= Raissa Page =

Photographer 1932–2011

Raissa Page (23 October 1932 – 28 July 2011) was a documentary photographer whose twenty-year archive of work represents the marginalised at a time of social change in the late twentieth century. Her most well known image is a black and white panorama of women dancing on the nuclear missile silos at Greenham Common in 1983. She was also a founder member of the all-female Format Photographic Agency in the 1980s.

== Early life and education ==
Page was born Cleone Alexandra Smilis on 23 October 1932 in Toronto, Canada. She was the only child of a British mother and Macedonian father who had both immigrated to Canada. After leaving school at the age of sixteen, Page worked for the Canadian meteorological office on Prince Edward Island. She then moved to Vancouver and worked as a life model. She met Robin Page, a young English art student, and they married in Toronto in 1955. They settled in Britain and had a daughter, Rachel. The marriage did not last. Page then had a series of jobs such as working at Bernard Leach's pottery in St Ives. Rachel was then given to foster parents.

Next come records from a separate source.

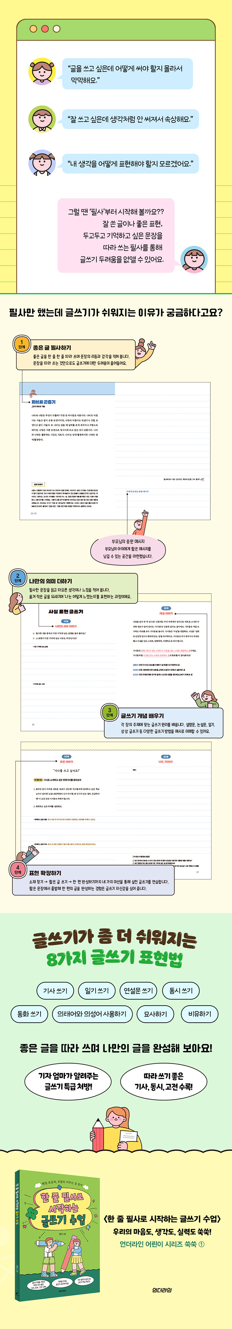 글 한 편을 완성할 수 있을 거예요. 내가 쓴 글이 마음에 쏙 들지 않을 수도 있어요. 하지만 기억하세요! 나의 이야기는 나만 쓸 수 있다! 매일 조금씩 꾸준히 쓰다 보면 잘 쓸 수 있다!
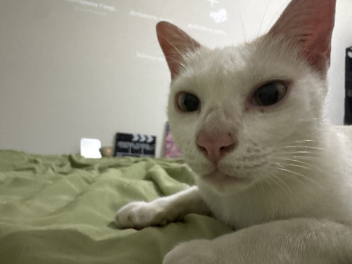 - "In Cam Đức, Vietnam, a white domestic cat with a pink nose and light-colored irises is positioned on a wrinkled green fabric surface, facing and looking directly at the camera" by FM-Oi8nu1, licensed under CC BY 4.0
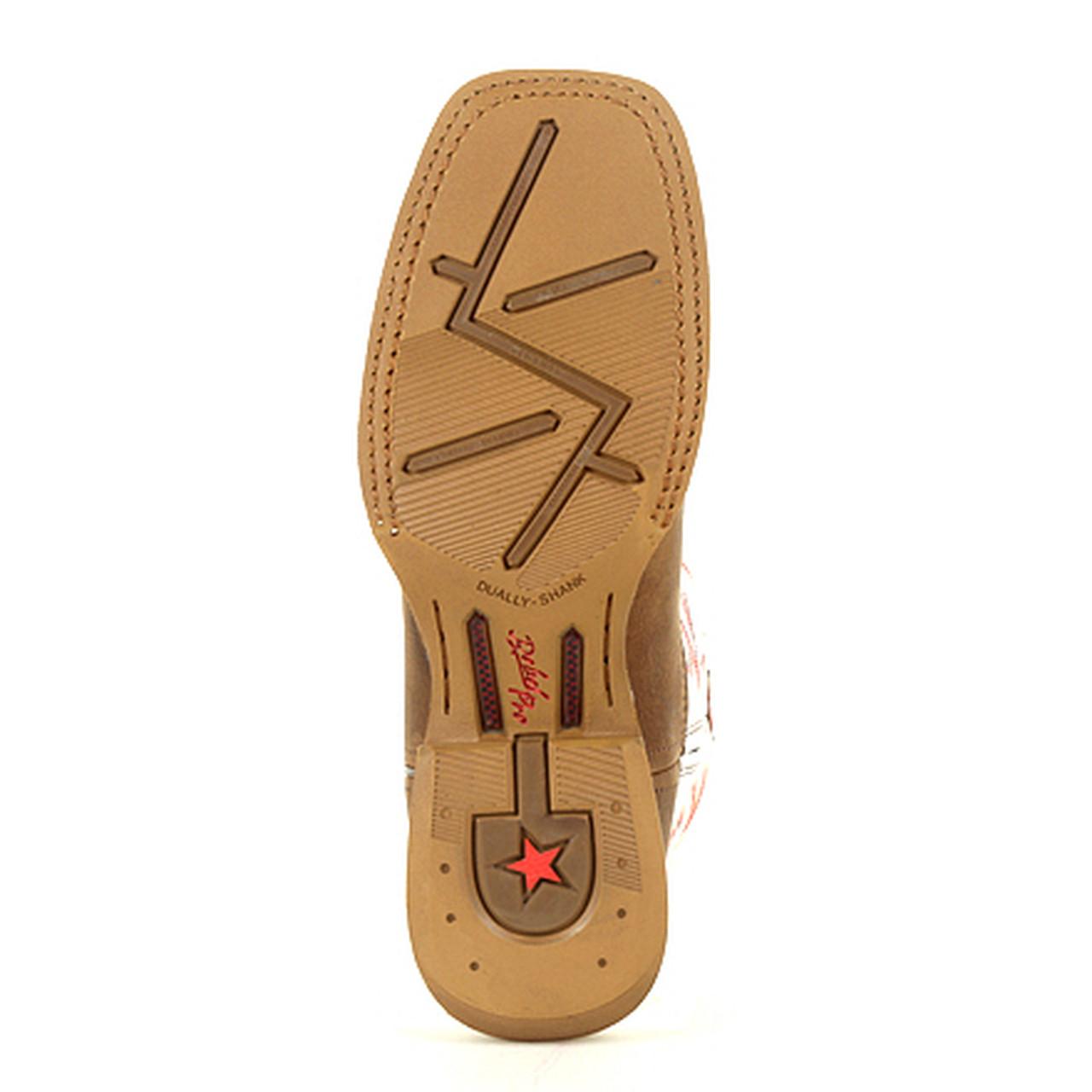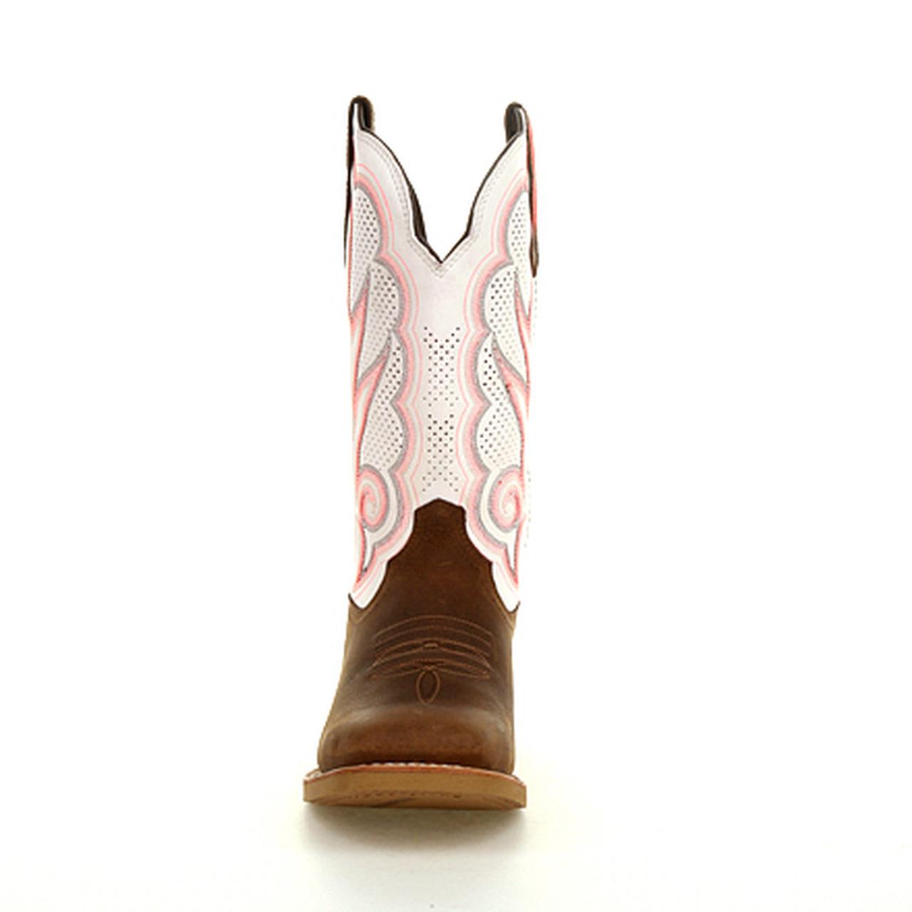 This is the women's 12" Western Trail Brown/ White Ventilated Durango® Lady Rebel Pro™ style. This style is full grain leather with a soft mesh lining inside and has the Durango® X-Pand System™ which is a hidden gore expansion for universal fit and easy on off. This style contains a comfortable 7-layer comfort system. The first layer is the Durango® X-Treme Comfort Footbed™ with memory foam for all day comfort and support. The second layer is an EVA cushion layer that contours and molds to your foot. The third layer is a ¾ genuine Goodyear® welt construction and a genuine leather welt with double row cotton stitch. The fourth layer is a two-layer innersole with a flexible full-length bottom and stabilizing rigid ¾ heel tuck. The fifth layer is the patented Dually Shank System™ which contains two fiberglass shanks for medial and lateral torsion stability and midfoot support. The little way stitch binds the outsole, heel tuck, and upper for absolute durability. The sixth layer is the ABS heel base which is nailed-weight relieved for lightweight durability. The seventh layer is the slip, oil and abrasion resistant rubber outsole that offers instant gratification. The 1 ½" rocker heel lessens stress by promoting a more natural heel strike and the rolled shank area is perfect for stirrup- friendly ease. Unbridle your western spirit in the women's 12" Western Trail Brown/ White Ventilated Durango® Lady Rebel Pro™ style; the perfect boots for performance-driven individuals. Get a pair today!
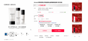 T-Mallにおけるアルマーニのメンズスキンケアセットを確認してみたが、直近の月販数は50件程度、コメントも70件程度を多くはない。
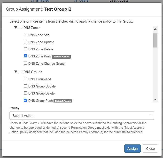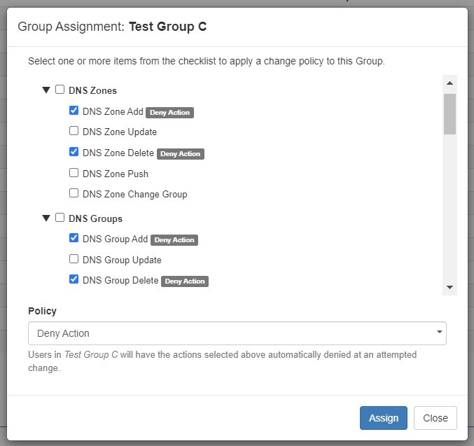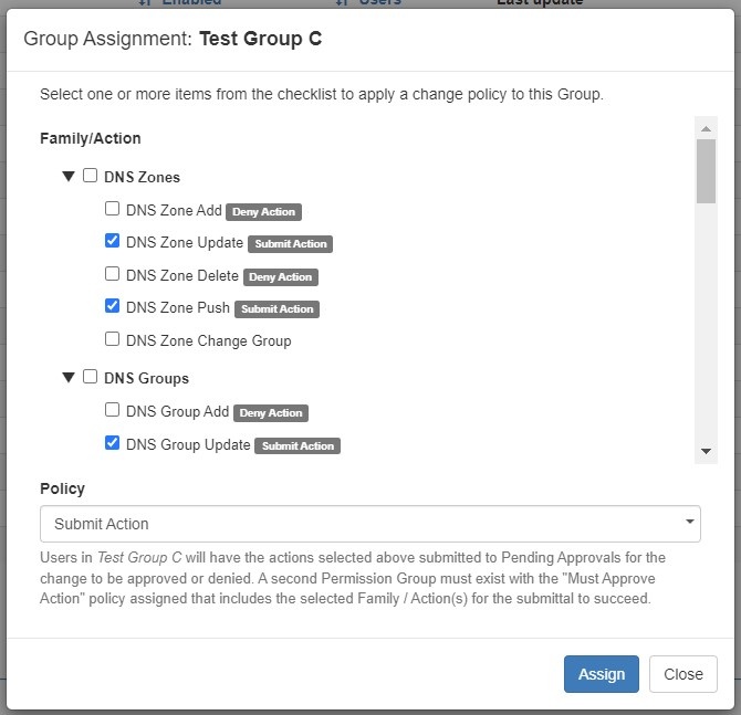 Clicking the "Assign" button for a group brings up a checklist to select what policy to apply to the group for what Family and Actions (i.e. DNS Zone 'Add' or DNS Group 'Update'). Select either "Deny Action", "Submit Action", or "Approve Action" under Policy. Once you've selected a policy, you can "quick-select" all actions for a DNS Family (Severs, Groups, Zones, Records) by clicking the checkbox next to the family name, or only select individual action types for each Family.
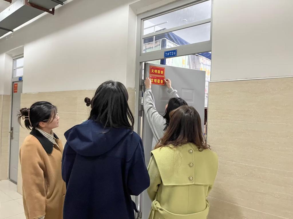 本次授牌活动共涵盖50间院级文明宿舍和103间党员宿舍。学院辅导员们在授牌活动过程中,对荣获院级“文明宿舍”的同学们表示祝贺,并围绕思想作风、卫生安全、宿舍生活、学习氛围等方面进行了热烈交谈,同时对大家的生活学习和未来规划提出了宝贵的建议和指导。在授牌“党员宿舍”的过程中,学院辅导员们殷切寄语学生党员锐意进取、砥砺前行、奋勇争先,希望大家亮身份、做承诺、展作为,成为政治素养、学风建设、宿舍卫生等各方面的标杆,带动周边宿舍和周边群体共同进步,发挥好引领示范作用。学生党员们纷纷表示,将坚定理想信念,牢记肩上责任,做好榜样表率,不断提高自身政治素养,发挥模范带头作用。

Page qualified as a social worker at North Western Polytechnic (now the University of North London). She went on to work in fostering and adoption sections of children's departments in the London districts of Tower Hamlets and Westminster. She joined the National Children's Bureau project, Who Cares?, launching a magazine and, in 1977, editing a book of the same name. Page joined an Orthodox church in London and took the name of Raissa, an eleventh century saint who was martyred in Alexandria.

== Photography ==
Page taught herself photography when in her forties. Still with a strong interest in social care, she worked on projects for Who Cares?, and for Social Work Today. She developed and printed her own photographs. A commission to photograph in colour took her to West Virginia, in 1978, for a series of portraits of women miners, their slogan being "Women Miners Can Dig It Too." In 1983, she photographed protesters at Greenham Common Women's Peace Camp. Perhaps her best-known image is of women protesters there dancing at dawn on New Year's Day on the nuclear missile silos. During the 1984–1985 United Kingdom miners' strike, Page photographed marches and demonstrations all over the country. Her work was printed in Striking Women: Communities and Coal (1986). She was a founder member of Format Photographic Agency, a women's photographic collective and collaborated with them for ten years. Page often photographed people who were marginalised, for example the unemployed, and the disabled, and dealt with unusual subjects such as the Falasha community in Israel, and patients at Friern Barnet psychiatric hospital, north London. She also travelled on photographic work to Cuba, India, China, the USA and Greece. She retired to Wales with severe arthritis when she was sixty.

She died on 28 July 2011, aged 78.

== Publications ==
- Who Cares?: Young People in Care Speak Out. Raissa Page and G. A. Clark (Eds) (1977)
- National Children's Bureau Enterprises. ISBN 978-0902817135.
- Striking Women: Communities and Coal. London: Pluto, 1986. Photographs by Page, Izabela Jedrzejczyk, Brenda Prince, and Imogen Young. ISBN 9780745301549. With essays by Siân James and Angela V. John.

== Legacy ==
The Raissa Page collection is housed at the Richard Burton Archives at Swansea University. It was made possible by a grant from the Wellcome Foundation.

One of her portraits is held in the National Portrait Gallery.

Her work was included in the photography exhibition Resistance held at the Turner Contemporary gallery in Margate, Kent in 2025.